Here are pointers that could help you comprehend the trend:

• India imports more than exports: India's exports fell an annual 5.7 per cent to $28.7 billion in March 2012 while imports rose 24.3 per cent to $42.6 billion, government data showed on Tuesday. The trade deficit was at $13.9 billion. Oil imports rose 32.5 per cent to $15.8 billion. High imports mean more demand for foreign money. This puts pressure on the Indian rupee. Countries with a current accounts surplus have strong currencies.

• Foreign investment down: Foreign investments into Indian stocks have swung into negative with $545 million outflow in April 2012 from a robust $7.1 billion net inflow in February 2012. Foreign direct investments fell to $2.2 billion in February from $5.7 billion in May 2011. Foreign money inflows are needed to prop up the rupee.
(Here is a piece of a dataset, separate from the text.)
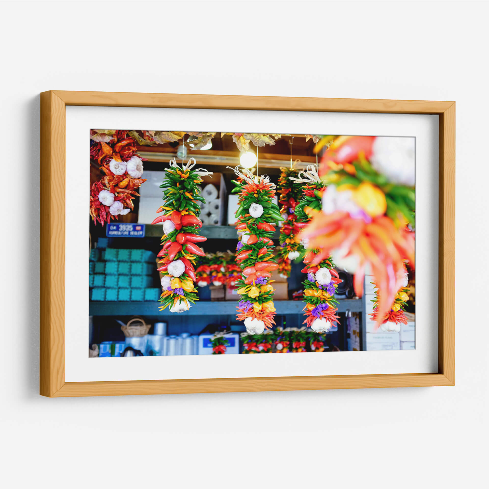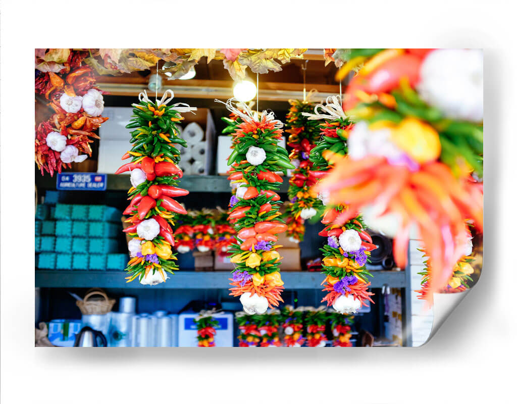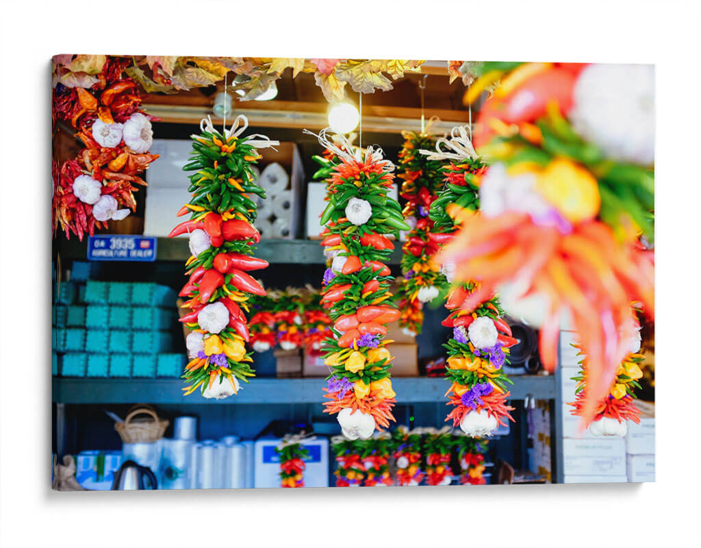 Embellece tu cocina o comedor con el vibrante y apetitoso lienzo "Ajos y Chiles Colgantes". Esta obra de arte captura la esencia de un mercado tradicional, presentando guirnaldas de ajos y chiles de diversos colores, desde rojos intensos y naranjas ardientes hasta verdes vibrantes y morados profundos. La composición, con un enfoque nítido en las ristras colgantes y un fondo ligeramente desenfocado que sugiere la abundancia de un puesto, evoca una sensación de calidez, vitalidad y autenticidad culinaria. La paleta de colores es rica y saturada, aportando energía y un toque rústico y festivo a cualquier espacio. Ideal para cocinas, comedores o incluso restaurantes, esta pieza de arte contemporáneo es perfecta para aquellos que buscan infundir sus hogares con un espíritu alegre y una conexión con la frescura y la abundancia de los ingredientes. Su estilo realista y detallado permite apreciar la textura y la forma de cada ajo y chile, convirtiéndola en un punto focal que estimula los sentidos y añade carácter a la decoración.

The onus is on the government to make India an attractive investment destination. 

• Forex reserves falling: The country's foreign exchange cushion is dwindling. Credit rating agency, S&P, figures India has reserves to cover about six months of current account payments, down from over eight months in 2008 and 2009. India's foreign reserves fell to around $295 billion on April 20 from about $321 billion on September 2, after the RBI sold dollars to prop up the currency.
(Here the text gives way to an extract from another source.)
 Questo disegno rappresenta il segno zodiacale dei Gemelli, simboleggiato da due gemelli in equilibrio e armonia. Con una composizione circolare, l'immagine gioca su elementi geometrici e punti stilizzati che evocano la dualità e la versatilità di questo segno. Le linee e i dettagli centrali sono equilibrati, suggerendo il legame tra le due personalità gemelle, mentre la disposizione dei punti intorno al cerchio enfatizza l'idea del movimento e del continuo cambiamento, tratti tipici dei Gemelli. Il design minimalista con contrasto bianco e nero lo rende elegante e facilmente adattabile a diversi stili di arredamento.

• Scope for RBI intervention limited: “We do not expect the RBI to intervene aggressively but continue with its intervention strategy of only stepping in to curb excessive depreciation,” said HDFC Bank in a recent outlook note on the rupee. Central banks intervene in the forex markets to either prop up the local currency by selling foreign exchange or push it down by buying foreign exchange. RBI has already injected close to $ 20bn in the forex markets to prop up the rupee. While the central bank is buying rupees on one hand, it has to buy government bonds and release rupees in the banking system so that banks can lend more to stimulate growth. This nearly cancels the effect of rupee buying by RBI in the forex market.

• Rupee needs global banks to adopt easy money policy: Global central banks are not cutting interest rates or releasing money into the financial system like the so called ‘Quantitative Easing’ in US. When the US Federal Reserve Bank releases more money in the system, the risk appetite of global investors goes up. However, so far, there are no such signs. Analysts say that the reversal in global risk appetite should ensure that the rupee should move up to as high as Rs 50 to the US dollar.